▶ [DATA IN THIS EXERCISE]

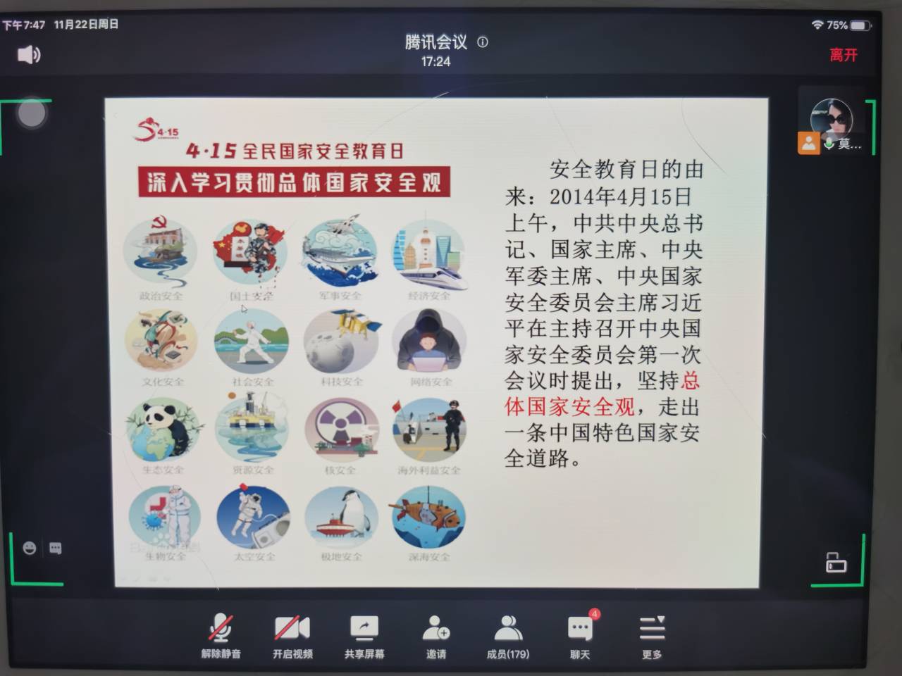 为全面贯彻落实总体国家安全观,教育学生牢固树立国家安全意识,11月22日晚,理工学院全体辅导员利用线上、线下开展了“维护国家安全,人人有责”主题班会。
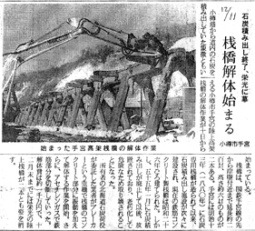 11月末までに国鉄が同桟橋上のレールを撤去次第、同社が約1千万円かけて桟橋2本と変電所、修理作業所の計2棟を取り壊す。
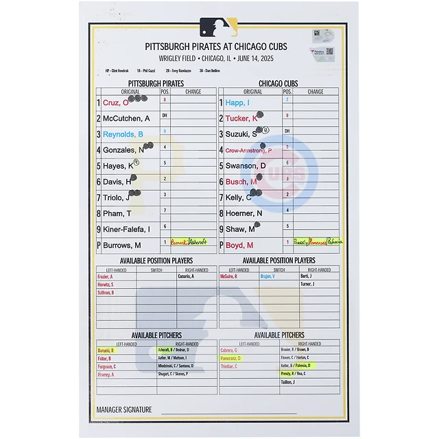 Carte de composition des équipes des Pirates de Pittsburgh lors du match contre les Cubs de Chicago
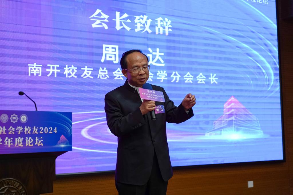 昆仑集团创始人董事长、南开深圳校友会会长、英国上市公司365资深校董、南开校友总会副理事长、社会学分会会长、1987级社会学系硕士校友周达致辞。他说,学院和校友分会成立近一年来,开展了大量卓有成效的工作,取得了一系列骄人可喜的成绩。学院和校友分会的成立,是南开社会学人生活中的一件大事,其目的是要促进南开社会学科的发展,走在时代前列。今后分会将进一步完善组织框架,整合全球校友资源,为校友和母校师生之间搭建更多教育教学、研究实践、合作交流的平台。
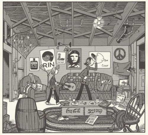 After every subplot and character is swiftly introduced, they get moved to the background so Rabagliati can concentrate on telling Paul's odyssey as a Scout. He delves deep into the stories of each of the three Scoutmasters. One is gay (and has a boyfriend jealous of the time he puts into scouting, which is the one time the matter of pedophilia is raised), another is a working stiff he lives to provide direction for the young, and a junior scoutmaster is a college student interested in radical politics. It's those politics that provide a tenuous link to the FLQ and their increasingly violent methods and give the reader a sense of suspense while reading the story. However, that suspense is less important than the loving detail Rabagliati gives to Paul's first camping trip. Other than the gravity of having to camp outside in the open by himself for one night, there's no dramatic tension in this sequence. It's simply a collection of character sketches and bonding rituals that detail how much being a Scout came to mean to Paul, and by extension how much the members of his troop came to mean to him. Rabagliati depicts the occasional personality clash, but it's nothing on the scale of something like Mike Dawson's Troop 142. There's simply a tremendous amount of warmth in Rabagliati's depiction of Scout life, and he depicts this as an unambiguous positive in Paul's life during the same period where he has his first love and discovers how much he loves to do comics. That he has so much of this yanked from under him at the end leads to a downbeat denouement. The resolution of his mother's feud with his grandmother is equally tragic in its own way; their inability to co-exist robs Paul of that intimate family connection (even if it' with good reason). The final, silent pages of the book are Rabagliati's tribute to his fellow Scouts, each one its own powerful image. Rabagliati has been accused by some of being emotionally manipulative and sentimental. While that can be true at times because of his tight control over the emotional content of his stories, I see him as earning the right to draw out that emotion from readers with carefully-laid details that allow the reader to take each character as they are, both positive and negative, and see them as fully fleshed-out human beings. It's easy to feel moved by the triumphs and tragedies in a Rabagliati book because of his genuine sincerity and his skill at painting complex portraits of each character, not the least of which is his own stand-in.

▶ [TASK ITEM] Above are the records; copy exactly the lines from the one with "11月末までに国鉄が同桟橋上" through the one with "昆仑集团创始人董事长、南开深", including both, and nothing more. Leave out pictures.

▶ [SOLUTION FOR THIS PROBLEM]
 11月末までに国鉄が同桟橋上のレールを撤去次第、同社が約1千万円かけて桟橋2本と変電所、修理作業所の計2棟を取り壊す。
 Carte de composition des équipes des Pirates de Pittsburgh lors du match contre les Cubs de Chicago
 昆仑集团创始人董事长、南开深圳校友会会长、英国上市公司365资深校董、南开校友总会副理事长、社会学分会会长、1987级社会学系硕士校友周达致辞。他说,学院和校友分会成立近一年来,开展了大量卓有成效的工作,取得了一系列骄人可喜的成绩。学院和校友分会的成立,是南开社会学人生活中的一件大事,其目的是要促进南开社会学科的发展,走在时代前列。今后分会将进一步完善组织框架,整合全球校友资源,为校友和母校师生之间搭建更多教育教学、研究实践、合作交流的平台。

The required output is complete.